Keeping the celebration of Black History Month in mind, Patricia Polacco’s Mr. Lincoln’s Way is an incredible story that can be a wonderful gateway for students to the discussion of race and intolerance in the school setting.
In this moving story, Eugene, the school bully, is sent to the principal’s office for calling an African-American student a racist slur. There he finds himself face to face with Mr. Lincoln. Although Eugene’s father and Grampa have both instilled the idea that “everybody that’s different than [them]… has an ugly name”, Mr. Lincoln perseveres, determined to change Eugene’s mindset. As Mr. Lincoln spends more time trying to get to know Eugene, he encourages him to learn tolerance, finding tenderness in Eugene’s heart through his secret passion for birds.
Polacco uses descriptive text and beautiful watercolor illustrations to highlight the plotline, surrounding Eugene, the school bully, with dark, brooding colors that gradually lighten as his heart does.
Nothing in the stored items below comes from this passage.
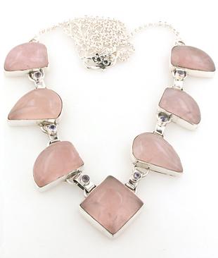 Sterling Silver Necklace Studded with Semi Precious Cabochon Gemstones.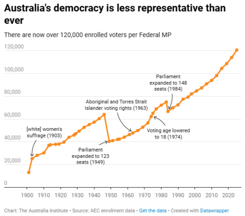 It’s been 40 years since Australia last expanded the parliament, when Hawke government increased the number of seats from 125 to 148. Since then, the population has grown by 11 million, without Australians getting any more MPs to represent them.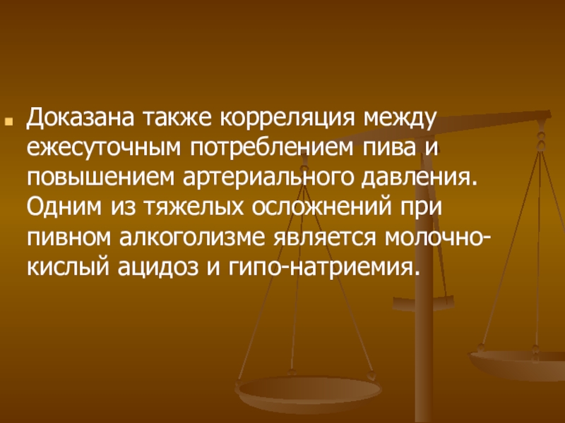 Слайд 16Доказана также корреляция между ежесуточным потреблением пива и повышением артериального давления.

Mr. Lincoln’s bright, vibrant clothes reflect his passion and sincere love for the students. While other students do not play major roles in the story, Polacco paints a beautifully diverse school, wordlessly enriching the story.
While Mr. Lincoln’s Way was written fifteen years ago, Polacco’s words and message are timeless, noting that every child acts the way they do for a reason, and that no one, neither fellow students or faculty, should make assumptions about others based on their race or their surface behavior. It also highlights the power that teachers and faculty can have in reaching their students, even those that seem unreachable.